The Outer Edge of Youth (2020)

An inquisitive, dreamlike choral opera commissioned and recorded by The Thirteen (Washington, DC). Based on Ordway’s original libretto, The Outer Edge of Youth explores and critiques the relationships between childhood, landscape, aesthetics, and contemporary ideals of masculinity.

Choral opera in two acts
Music, libretto, and video projections by Scott Ordway
sop. mezzo. SATB choir. 3 vlc. cb.
82 minutes


PREMIERE

Commissioned by The Thirteen with additional support from Cheryl Naulty and Walter Hill

May 13–15, 2022
First Unitarian U.C.C., Washington D.C.
The Thirteen; Amy Broadbent and Emily Marvosh, soloists; Matthew Robertson, conductor


PRESS

“Exquisite in every way.” —Gramophone

An expression of great power, imagination, and originality.” —Textura

“Exquisite depth of feeling…a poignant mediation on the loss of innocence.” —OperaNews

A contemplative and thought-provoking new choral opera from the acclaimed composer, writer, and multimedia artist Scott Ordway.”—OperaWire

“A hypnotic, haunting fable…The Outer Edge of Youth has both the solemnity and wonder of an oratorio and the heightened emotion wrung from the enhanced reality in which opera specializes…the music shimmers, soars, and settles…creating an ecstatic catharsis.”—Washington Classical Review


MEDIA


NOTE

The Outer Edge of Youth is a choral opera that explores the emotional and imaginative interiority of two boys standing at the threshold of adolescence. It is not a work of action, but of attention — a quiet opera that listens more than it speaks, and that uses ritualized musical form to hold questions that resist resolution.
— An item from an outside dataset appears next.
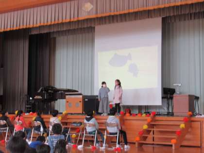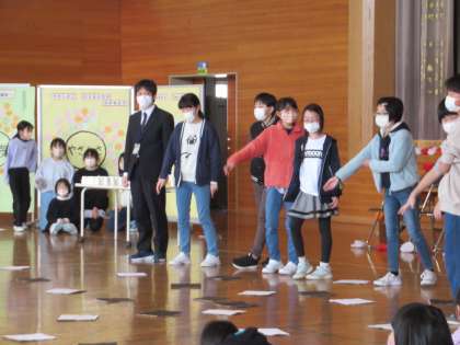 3月3日(金) 卒業を祝う会 3・4・5年生より 公開日 2023/03/03 更新日 2023/03/03 学校行事 3年生からは、6年生さんの思い出をイメージした切り絵を使ったシルエットクイズと、モニューマンの歌を披露しました。 4・5年生は、オセロゲームと紙コップタワーゲームというレクリエーションを行い、4・5・6年生で対決しました。

Nicholas and Sebastian, the opera’s protagonists, enter a coastal redwood forest and discover they can understand the language of the birds living there. What follows is a series of speculative dialogues in which the boys ask urgent, unanswerable questions: What is love? How can one express gratitude for beauty in a secular world? How does one live ethically in the presence of suffering without becoming paralyzed by it? Each scene is a study in refusal and replacement: the refusal of adult hardness in favor of lingering sensitivity, the replacement of narrative arc with contemplative episode, of declarative voice with choral interiority. The structure resists conventional drama in favor of something more ancient and ritualistic: an ecstatic dissolution into feeling, mystery, and non-knowing.

The opera’s final scene stages a kind of metamorphosis. One boy returns to the world, changed. The other relinquishes human life entirely, transformed into a bird — not as a punishment or escape, but as a fulfillment of a deep spiritual hunger: the desire for erasure, the wish to dissolve into beauty and cease to suffer.

I wrote this opera to preserve the strangeness of boyhood as I experienced it—quiet, observant, disinclined to violence or competition, in love with language and sound, at odds with other boys, searching for beauty, and immersed in the redwood forests of the Santa Cruz Mountains in Northern California. The boys in this work are not heroes and they are not prone to action; they are listeners. In their own quiet way, they (and I) forcefully reject the narrow script of masculinity our culture offers—whether that script is being celebrated or condemned.

The questions they ask—and that I still ask—are not naïve. They are the questions of a mind newly awake to the complexity of the world beyond childhood. Though we often lose patience with these questions as we grow older, I believe they remain valid. When I am alone, and silent, and still, they rise from the deepest part of me with the same burning, ecstatic urgency. I turn to the young people in my life, and to the imagined children in this work, to remind me to keep asking them aloud.